■ **Prompt**: Reproduce only this range: the line holding "Konferenzstuhl CARINA MIT" through the last line of the data below, both included, exactly, with no pictures.

■ **Raw data**:
* * * *

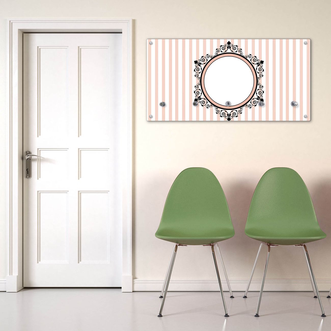 Bitte beachten Sie, dass an dieser Garderobe nur starke Neodym-Magnete halten! FUNKTION: Die banjado Wandgarderobe mit Motiv Spiegel ist Ihr täglicher Begleiter. Zuverlässig hängen hier Ihre Jacken und Mäntel griffbereit. Gleichzeitig ist die Design Garderobe magnetisch, Sie können Notizen anheften und durch das Echtglas ist Ihr Paneel auch beschreibbar und wieder abwischbar. DESIGN: Sie erhalten eine Garderobenleiste aus elegantem Echtglas mit dem Farbbrillanten Motiv Spiegel hinterklebt. Das Design ist zeitlos klassisch, ohne dabei auf Funktionalität zu verzichten. Suchen Sie aus einer Vielzahl von Motiven das für Ihre Einrichtung Passende aus. DETAILS: Die Flurgarderobe besteht aus 4mm gehärtetem Sicherheitsglas. Sie ist 80cm breit, 40cm hoch und 6cm tief. Die Garderobenhaken zur Selbstmontage präsentieren sich in Edelstahl-Optik, ebenso die Abstandshalter für die Wandmontage. Ihre neue Garderobe ist sofort einsatzbereit. NUTZEN: Ihre neue Garderobe hält nicht nur zuverlässig Ihre Kleidung, sie ist auch optisch ein Blickfang. Durch die magnetische Wirkung können Sie mit 4 beigefügten extrastarken Neodym-Magneten Notizen anheften und mit wasserlöslichen Kreidestiften oder Whiteboard-Markern auch Nachrichten hinterlassen. BANJADO: Wir sind ein kleines kreatives Team aus Sachsen und entwickeln Produkte die Design und Funktionalität verbinden sollen. Viel Freude mit Ihrer neuen Garderobe wünscht das banjado-Team!
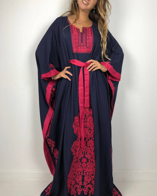 Elegant Navy Blue Butterfly Embroidered Plus Size Kaftan
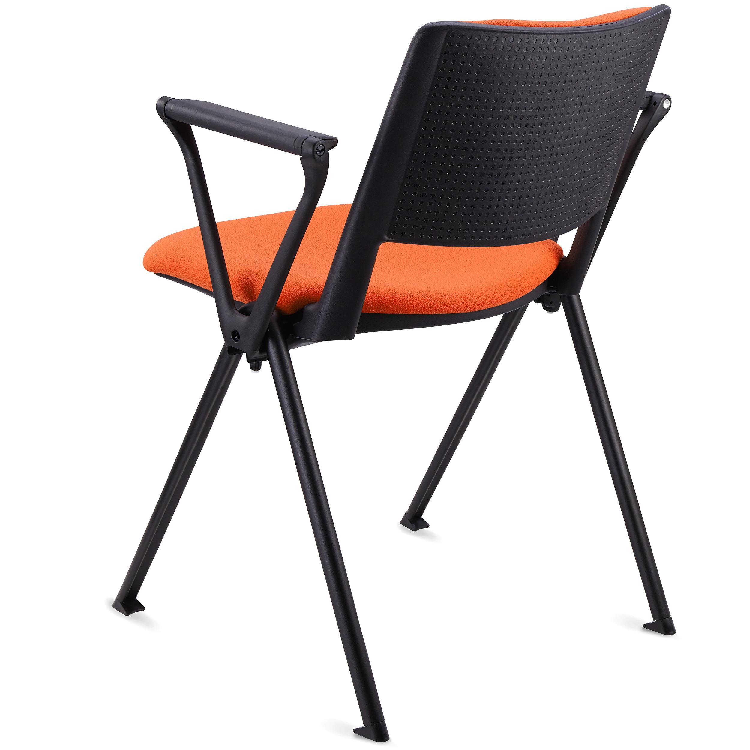 Konferenzstuhl CARINA MIT SCHREIBBRETT, stapel- und reihenverbindbar, schwarzes Stahlgestell, Stoffbezug Farbe Orange
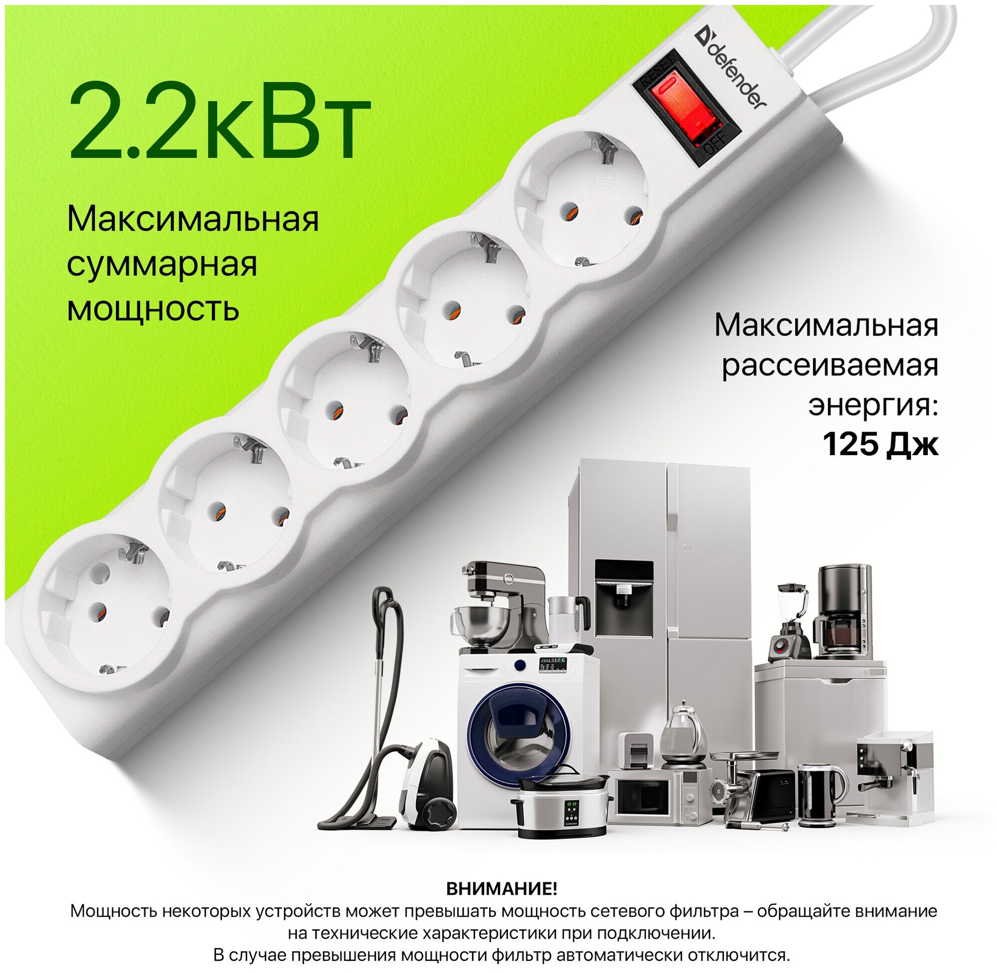 Сетевые фильтры и удлинители Сетевой фильтр DEFENDER PowerS 50, 5 розеток, ПВС 3*1,0 мм2, мощность 2200 Вт, ток 10А, белый, 5 м
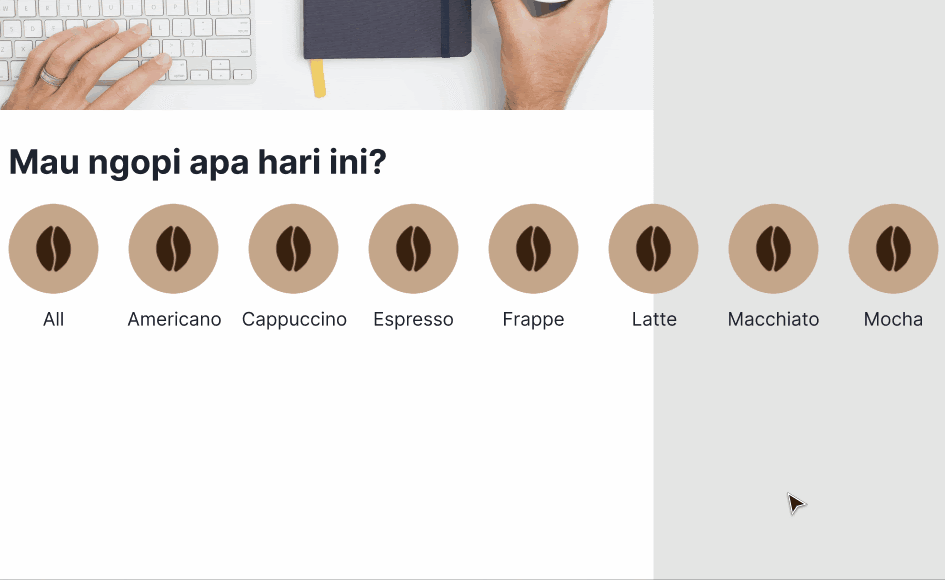 Di sini kami akan mencontohkan untuk menambahkan dua kategori baru pada list kategori tersebut. Namun sebelum itu, non-aktifkan dulu konfigurasi Clip Content pada Frame Home supaya dapat melihat setiap elemen seperti berikut:

* * * *

■ **Answer space**:
 Konferenzstuhl CARINA MIT SCHREIBBRETT, stapel- und reihenverbindbar, schwarzes Stahlgestell, Stoffbezug Farbe Orange
 Сетевые фильтры и удлинители Сетевой фильтр DEFENDER PowerS 50, 5 розеток, ПВС 3*1,0 мм2, мощность 2200 Вт, ток 10А, белый, 5 м
 Di sini kami akan mencontohkan untuk menambahkan dua kategori baru pada list kategori tersebut. Namun sebelum itu, non-aktifkan dulu konfigurasi Clip Content pada Frame Home supaya dapat melihat setiap elemen seperti berikut:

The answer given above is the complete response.